• **Goal of the exercise**:
What you write must be the listing below in full, word for word, minus its pictures.
===== Data below
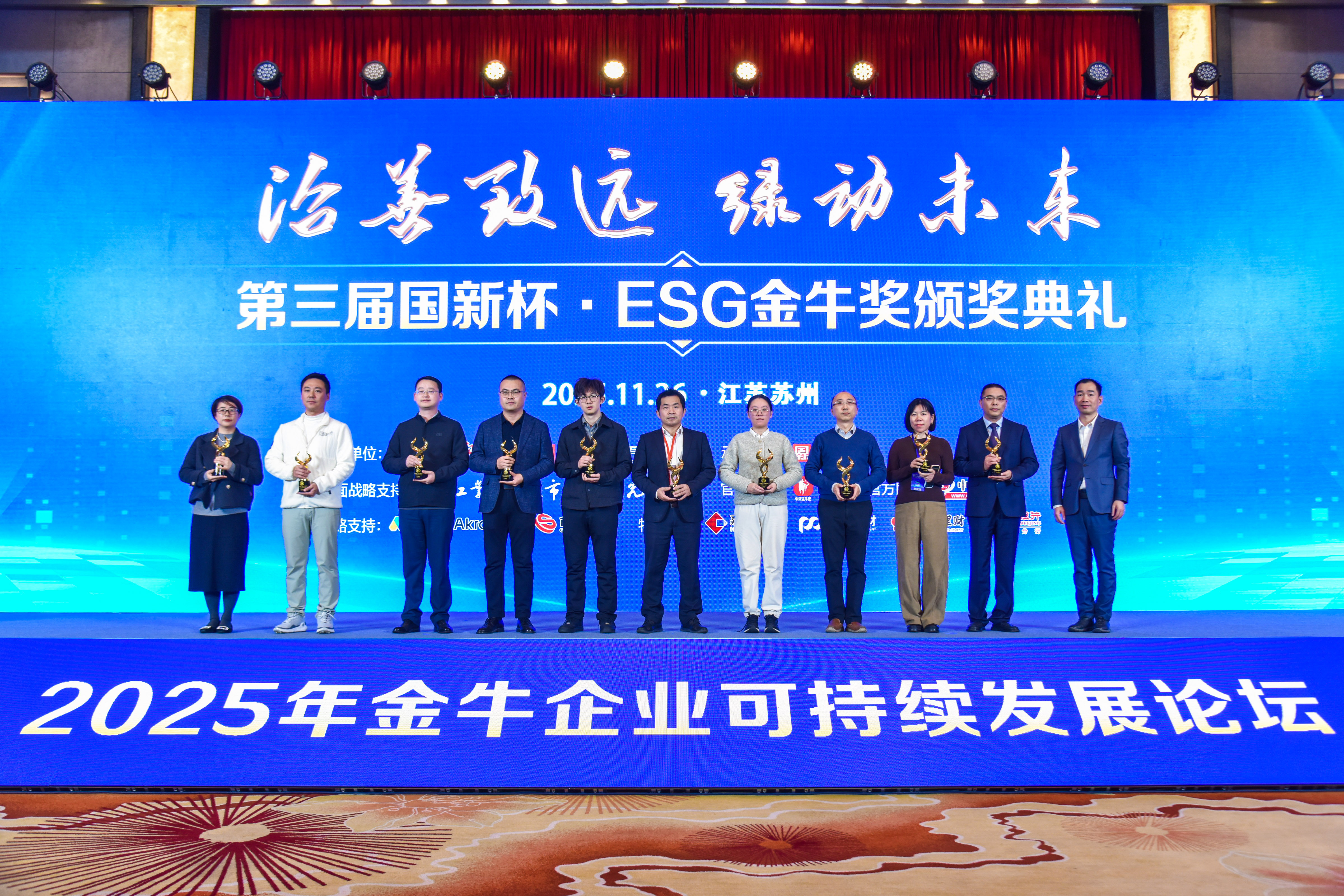 中证报中证网讯(王珞)11月26日,由中国证券报、 中国国新 主办, 国新证券 承办的2025年金牛企业可持续发展论坛暨第三届国新杯·ESG金牛奖颁奖典礼在苏州举行。
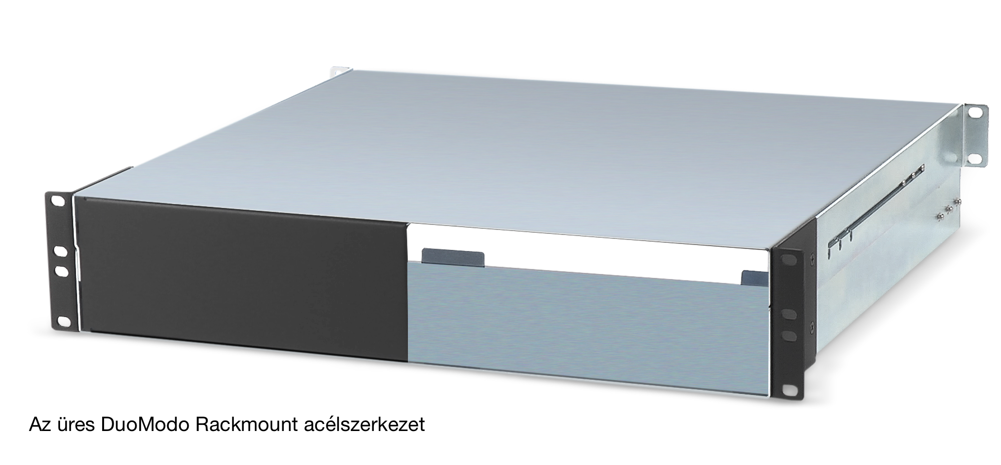 Ez a termék elérhető eleve rack kivitelbe szerelt változatban, egy üres modul helyével, illetve meglévő DuoModo 2U fiókunkba helyezhető modul kivitelben is.
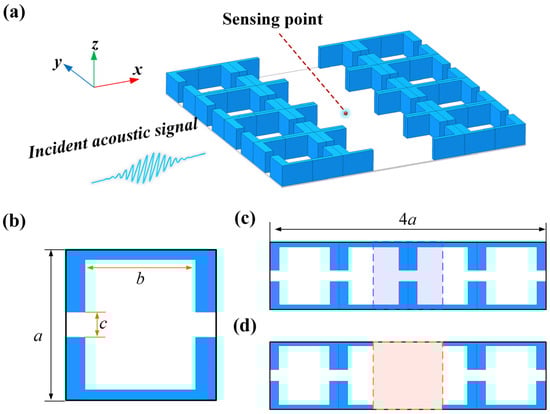 To achieve directional enhancement of incident acoustic signals, this paper proposes a periodically distributed anisotropic line-defect PnC structure, as shown in Figure 1a. Based on the design principles of anisotropic PnCs [42,43], the unit cell was designed with a penetrating rectangular cavity and straight channels. Meanwhile, in consideration of structural fabrication and application constraints, the key geometric parameters were designed as follows: lattice constant a = 60 mm, inner rectangular cavity length b = 44 mm and straight channel width c = 10 mm, as shown in Figure 1b. The white region corresponds to air, characterized by a mass density of ρair = 1.21 kg/m3 and a sound velocity of cair = 343 m/s. Considering structural practicality and manufacturability, photosensitive resin (blue regions in Figure 1b) was selected with material properties: with the mass density ρ1 = 1050 kg/m3, sound speed c1 = 2540 m/s, Young’s modulus E1 = 5.08 GPa and Poisson’s ratio μ = 0.35, respectively. By periodically arranging structures in the x and y directions, one may obtain an ideal two-dimensional square lattice perfect PnC. Figure 1c illustrates a 4 × 1 perfect supercell. As depicted in Figure 1d, removing the two central columns of the perfect supercell (blue shaded region in Figure 1c) induces a line-defect cavity (orange shaded region in Figure 1d), thereby generating Anderson localization effects for acoustic energy [44].
==========
• **Task response**:
 中证报中证网讯(王珞)11月26日,由中国证券报、 中国国新 主办, 国新证券 承办的2025年金牛企业可持续发展论坛暨第三届国新杯·ESG金牛奖颁奖典礼在苏州举行。
 Ez a termék elérhető eleve rack kivitelbe szerelt változatban, egy üres modul helyével, illetve meglévő DuoModo 2U fiókunkba helyezhető modul kivitelben is.
 To achieve directional enhancement of incident acoustic signals, this paper proposes a periodically distributed anisotropic line-defect PnC structure, as shown in Figure 1a. Based on the design principles of anisotropic PnCs [42,43], the unit cell was designed with a penetrating rectangular cavity and straight channels. Meanwhile, in consideration of structural fabrication and application constraints, the key geometric parameters were designed as follows: lattice constant a = 60 mm, inner rectangular cavity length b = 44 mm and straight channel width c = 10 mm, as shown in Figure 1b. The white region corresponds to air, characterized by a mass density of ρair = 1.21 kg/m3 and a sound velocity of cair = 343 m/s. Considering structural practicality and manufacturability, photosensitive resin (blue regions in Figure 1b) was selected with material properties: with the mass density ρ1 = 1050 kg/m3, sound speed c1 = 2540 m/s, Young’s modulus E1 = 5.08 GPa and Poisson’s ratio μ = 0.35, respectively. By periodically arranging structures in the x and y directions, one may obtain an ideal two-dimensional square lattice perfect PnC. Figure 1c illustrates a 4 × 1 perfect supercell. As depicted in Figure 1d, removing the two central columns of the perfect supercell (blue shaded region in Figure 1c) induces a line-defect cavity (orange shaded region in Figure 1d), thereby generating Anderson localization effects for acoustic energy [44].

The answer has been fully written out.